## The problem
What you return should match the material below line for line, except that no image appears in it.

## Data section
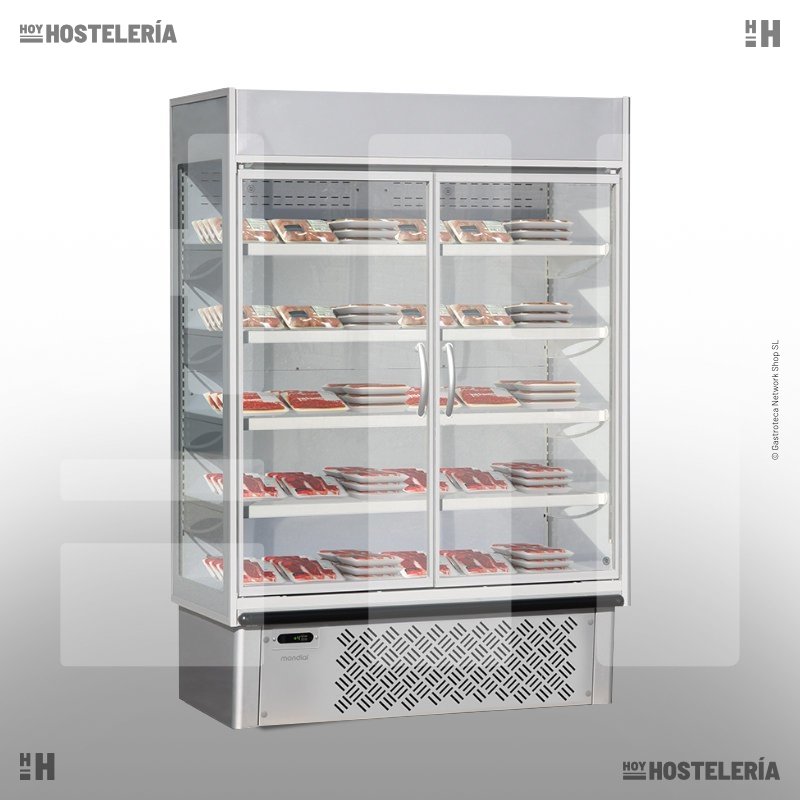 Mural refrigerado con puertas abatibles de 825 litros, concebido especialmente para la conservación y exposición de carnes, pescados, bebidas, sandwiches, embutidos, lácteos y otros productos en servicio Take-Away.
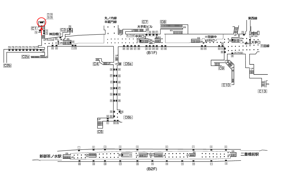 ○千代田線№38 改札外コンコース(神田橋方面改札/C3出口付近) |
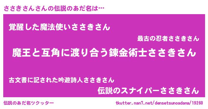| 女子向けラノベタイトル風あだ名 | 『ささきさん恋絵巻』『闇のささきさん』 |

## Answer box
 Mural refrigerado con puertas abatibles de 825 litros, concebido especialmente para la conservación y exposición de carnes, pescados, bebidas, sandwiches, embutidos, lácteos y otros productos en servicio Take-Away.
 ○千代田線№38 改札外コンコース(神田橋方面改札/C3出口付近) |
| 女子向けラノベタイトル風あだ名 | 『ささきさん恋絵巻』『闇のささきさん』 |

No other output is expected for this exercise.